Hint Formula for average acceleration is
Average acceleration $=\dfrac{{{v}_{f}}+{{v}_{i}}}{2}$
Where ${{v}_{f}}=$ final velocity, and ${{v}_{i}}=$ initial velocity

Complete step-by-step solution :
Acceleration is a vector quantity that is defined as the rate at which an object changes its velocity.
Average acceleration is the final velocity per time taken.

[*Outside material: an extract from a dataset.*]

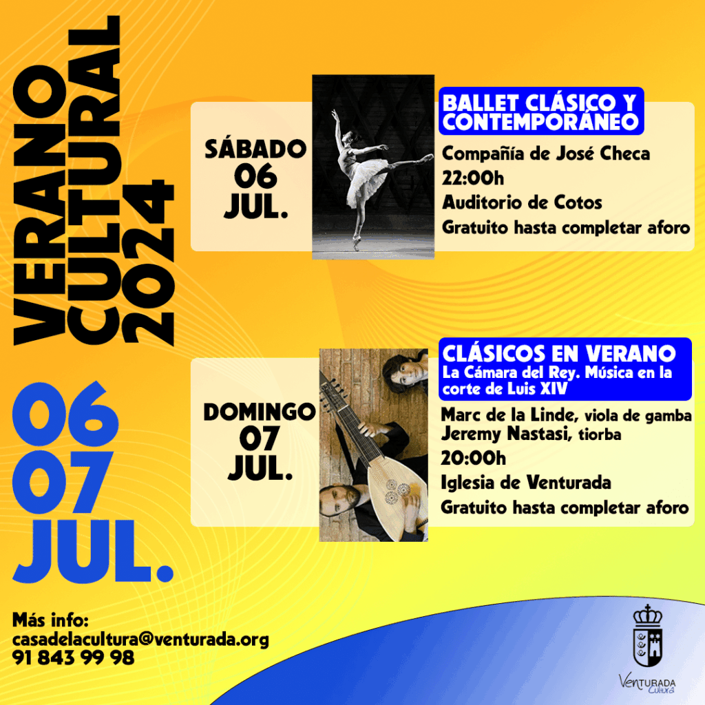 Queridos vecino/as de Venturada, Desde la Concejalía de Cultura, nos complace enormemente daros la bienvenida al Verano Cultural de Venturada 2024. Disfrutaremos durante el verano de grandes eventos. Programación que publicaremos cada semana, desde julio a septiembre, esperando que el Verano Cultural, nos llene de alegría, entretenimiento y enriquecimiento cultural. Durante el Verano Cultural nuestro […]

$a=\dfrac{{{v}_{f}}-{{v}_{i}}}{t}$
Average acceleration$=\dfrac{{{v}_{f}}+{{v}_{i}}}{2}$
Initial velocity $\left( {{v}_{i}} \right)=0$
Final velocity $v_f= 18kmph$
$\begin{aligned} & {{v}_{f}}=18\times \dfrac{1000}{60\times 60}{m}/{\sec }\; \\\ & v_f=5m/sec \\\ \end{aligned}$
$t=0$ to$t=2$
Average acceleration$=\dfrac{{{v}_{f}}+{{v}_{i}}}{2}$
$\begin{aligned} & =\dfrac{18+0}{2} \\\ & 9kmph\\\ \end{aligned}$
Average acceleration $=\dfrac{{{v}_{f}}+{{v}_{i}}}{2}$
$\begin{aligned} & =\dfrac{5+0}{2} \\\ & =5{m}/{\sec }\; \\\ \end{aligned}$

Note: Student thought that the acceleration and average acceleration is same but for acceleration $\left( \dfrac{{{v}_{f}}-{{v}_{i}}}{t} \right)$ and average acceleration is $\left( \dfrac{{{v}_{f}}+{{v}_{i}}}{2} \right)$ . So carefully use the formula of both.